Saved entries

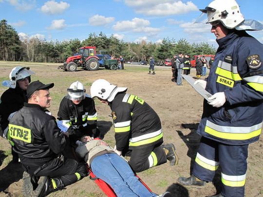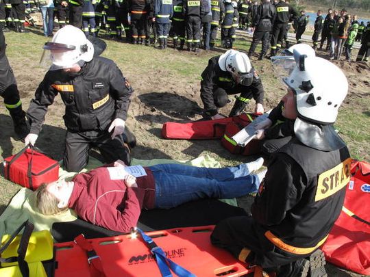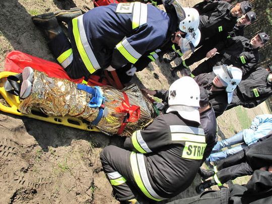- Nasza „poszkodowana” miała ranę ciętą głowy i otwarte złamanie prawej nogi powyżej kolana. Główne działania polegały na zrobieniu pozorantce opatrunku na głowę przy użyciu bandaża elastycznego i na usztywnieniu jej nogi szynami Kramera. Na szyję założyliśmy specjalny kołnierz usztywniający. Poszkodowaną położyliśmy na deskę i przykryliśmy ją folią izolacyjną. Uważam, że umiejętność udzielania pomocy ofiarom wypadków przydaje się nie tylko w pracy strażaka – nigdy nie wiemy kiedy i komu będziemy musieli udzielić pierwszej pomocy – mówi druh Szymon Kot z OSP Pilica.
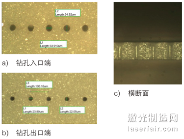 圖4 表示在厚度為100 μm的氧化鋁(99.6%)上,以3000 孔/s的速度操作后觀察孔的形態(tài)。測量結(jié)果顯示,鉆孔入口端直徑約為33 μm,出口端直徑約為22 μm。
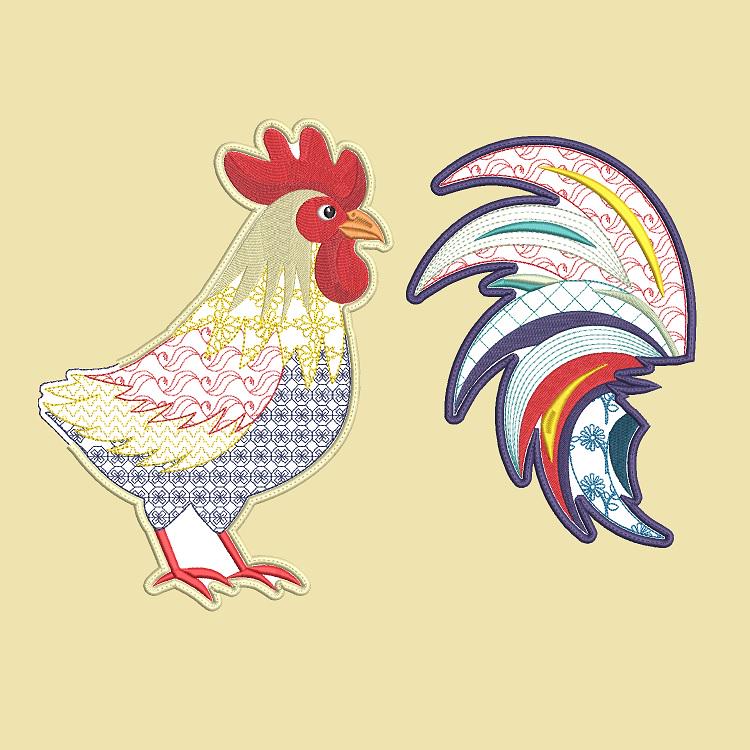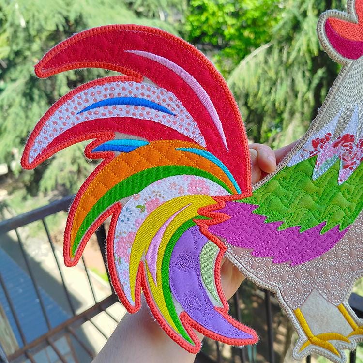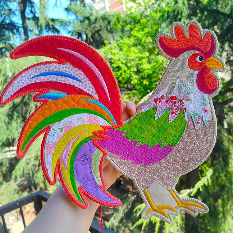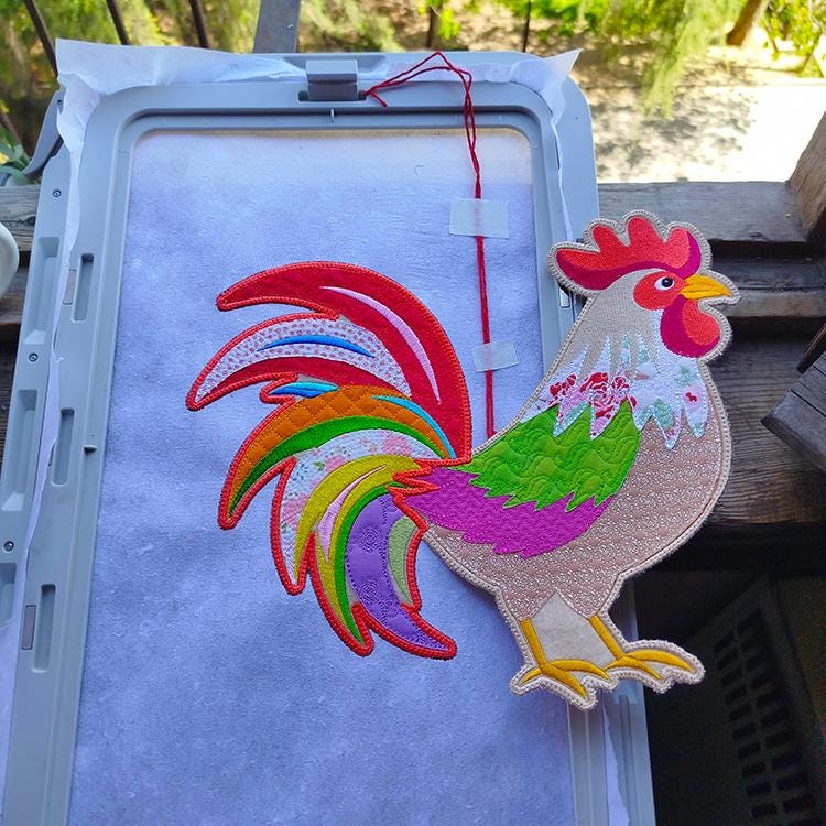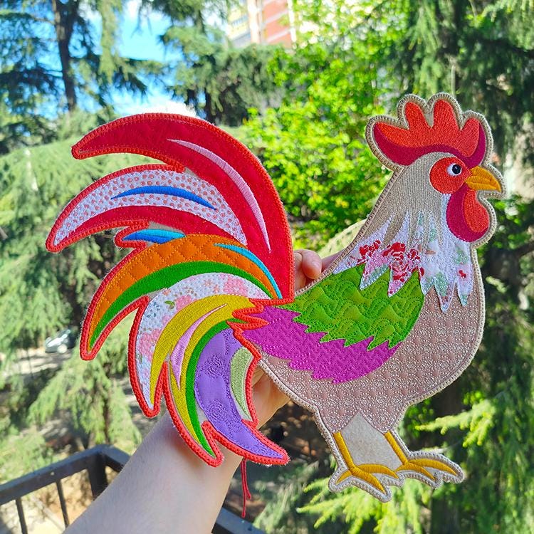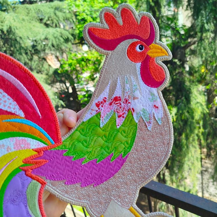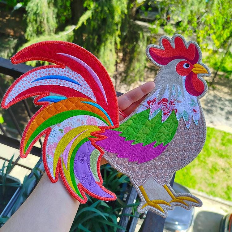 Huge and colorful rooster Gregory that is made in two hoopings and completely in the hoop.
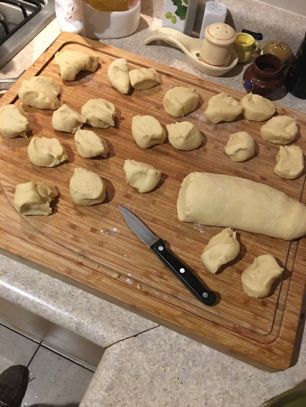 - Ya pasado el tiempo sacarlo y poner un poco de harina en la tabla, hacer un rollo y cortar la masa en partes iguales, esos serán los panecitos.
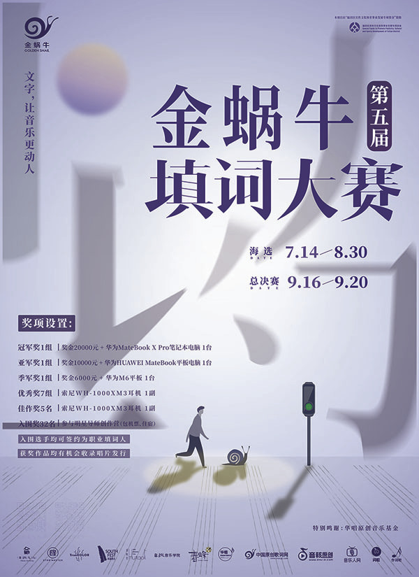 据悉,金蜗牛填词大赛,由“华唱原创音乐基金会”于2015年发起,连续成功举办四届,是目前国内唯一以“音乐填词”为核心的专业赛事;累计参赛选手超过5万人,已成为华语词坛颇具规模和影响力的原创品牌,被业界称为“中国最文艺的音乐赛事”。
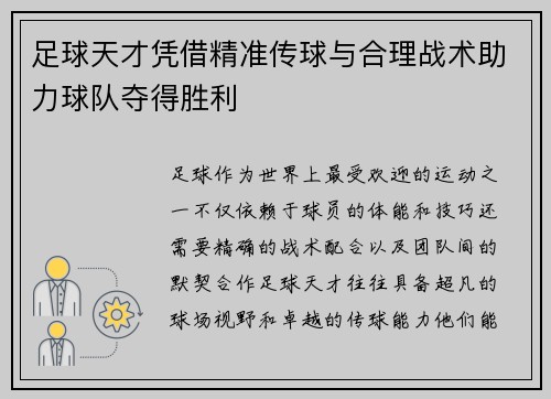足球作为世界上最受欢迎的运动之一,不仅依...

Problem to solve
Produce an exact reprint of the entries, dropping the images.

Response box
- Nasza „poszkodowana” miała ranę ciętą głowy i otwarte złamanie prawej nogi powyżej kolana. Główne działania polegały na zrobieniu pozorantce opatrunku na głowę przy użyciu bandaża elastycznego i na usztywnieniu jej nogi szynami Kramera. Na szyję założyliśmy specjalny kołnierz usztywniający. Poszkodowaną położyliśmy na deskę i przykryliśmy ją folią izolacyjną. Uważam, że umiejętność udzielania pomocy ofiarom wypadków przydaje się nie tylko w pracy strażaka – nigdy nie wiemy kiedy i komu będziemy musieli udzielić pierwszej pomocy – mówi druh Szymon Kot z OSP Pilica.
 圖4 表示在厚度為100 μm的氧化鋁(99.6%)上,以3000 孔/s的速度操作后觀察孔的形態(tài)。測量結(jié)果顯示,鉆孔入口端直徑約為33 μm,出口端直徑約為22 μm。
 Huge and colorful rooster Gregory that is made in two hoopings and completely in the hoop.
 - Ya pasado el tiempo sacarlo y poner un poco de harina en la tabla, hacer un rollo y cortar la masa en partes iguales, esos serán los panecitos.
 据悉,金蜗牛填词大赛,由“华唱原创音乐基金会”于2015年发起,连续成功举办四届,是目前国内唯一以“音乐填词”为核心的专业赛事;累计参赛选手超过5万人,已成为华语词坛颇具规模和影响力的原创品牌,被业界称为“中国最文艺的音乐赛事”。
足球作为世界上最受欢迎的运动之一,不仅依...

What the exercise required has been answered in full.